Planners, policymakers and elected officials convened at the Connecticut Department of Transportation in Newington on Tuesday for a tour of the CTfastrak bus rapid transit system. The tour, organized by TSTC and led by ConnDOT’s Maureen Lawrence and Mike Sanders, was attended by about two dozen transportation and policy professionals from Rockland and Suffolk Counties, the North Jersey Transportation Planning Authority, the Town of Babylon, NY and MTA New York City Transit. There were also staff members in attendance from the New York City Department of Transportation who are working on the much-anticipated Woodhaven Boulevard BRT line. New York State officials leading the Tappan Zee Bridge BRT initiative, as well as mayors from Nyack and White Plains, New York also joined the tour.

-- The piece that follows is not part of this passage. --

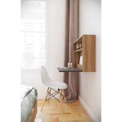 This small wall-mounted Slim floating desk offers a workspace with just one door opening! To be placed at the desired height, this desk, with rectangular lines, allows you to work sitting as well as standing. This space-saving desk is scratch, stain, and water-resistant for your everyday purpose. Easy and quick to assemble.

CTfastrak, unlike New York City’s Select Bus Service, is considered true BRT — that is, it meets all of the essential elements that define bus rapid transit — and may be the most feature-rich BRT system in the nation. When planners in the tri-state area want first-hand experience of subways or bike share, they go to New York City, and when they want to see light rail they go to New Jersey. Today, however, if you want to see bus rapid transit, Metro Hartford is the place to go.
Here are a few photos from yesterday’s tour:
What’s the ridership? I see pictures of a bus full of bureaucrats, not riders.
Number of paying riders? Is that a criteria?
[…] show that ridership has eclipsed projections, and transit planners from outside Connecticut are using the system as inspiration for their own BRT […]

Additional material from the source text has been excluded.